Belo Horizonte, Minas Gerais; Brazil;
- Channels: Analog: 4 (VHF);

Programming
- Affiliations: Rede Tupi

Ownership
- Owner: Diários Associados

History
- First air date: November 8, 1955
- Last air date: July 18, 1980
- Former call signs: PRB-3 TV (1955-1973)

Technical information
- Licensing authority: DENTEL

= TV Itacolomi =

TV Itacolomi was a commercial television station licensed to Belo Horizonte, the capital of the state of Minas Gerais, and owned by Diários Associados. Throughout its entire operation, the station was a Rede Tupi affiliate.

It was the third station to be set up by Assis Chateaubriand to sign on, the seventh in Brazil overall and the first outside of the Rio-São Paulo axis.

==History==
Rádio Guarani, a station owned by the conglomerate, gained a television license in 1951. The station, whose tentative name was TV Rádio Guarani, changed its name to TV Itacolomi in reference to the Itacolomi Peak. The station was the first in Brazil to be built entirely by Brazilians.

On launch night at 7:30pm, announcer Bernardo Grimberg, in a triumphal entry, announced its opening over an RCA Victor logo on a sheet of paper. This was followed by a blessing by the metropolitan archbishop of Belo Horizonte, D. Antônio dos Santos Cabral. Speeches were then made by Assis Chateaubriand, superintendent Victor Purri, director of Diários Associados in the state, Newton Paiva Ferreira and president Juscelino Kubitschek.

The launch ceremonies continued for a week, which enabled the channel to go regular. Most of the line-up was produced locally, and also included some networked output produced by the stations in Rio and São Paulo.

The station was responsible for the production of the OTI Festival 1973, on behalf of Rede Tupi, which was historical for Brazil as it was one of the first times a transmission of color was made for many regions.

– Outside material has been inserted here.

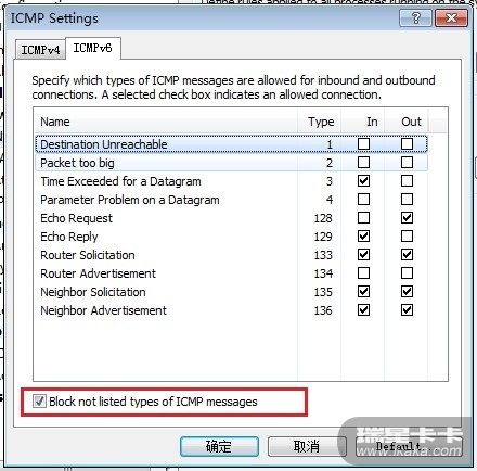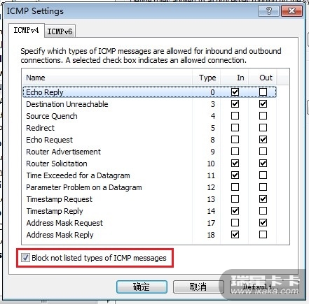 (2)在对ICMP协议的过滤方面,二者的能力基本上是相同的,但outpost更为直观,方便二者都能够为每一种ICMP类型的数据包制定规则,差别是,瑞星将对ICMP协议过滤规则设置在了全局规则——即IP规则内,而OP将ICMP协议过滤拿到了全局规则以外,单独设置了一个ICMP协议规则,并且默认阻止除了指定选取的规则以外的数据包,此外,由于OP支持IPv6,其ICMP协议过滤也对ICMPv6协议设置了过滤规则。这点上,outpost防火墙更好一点。

TV Itacolomi shut down on July 18, 1980, along with six other Tupi stations. Authorities took the station off the air at 10:27am when the channel had not started its broadcasts. At closing time, there was no decision over the status of the 300 retrenched employees.

===Legacy===
An exhibit was held at the Federal University of Minas Gerais from December 11, 2018, to December 2019.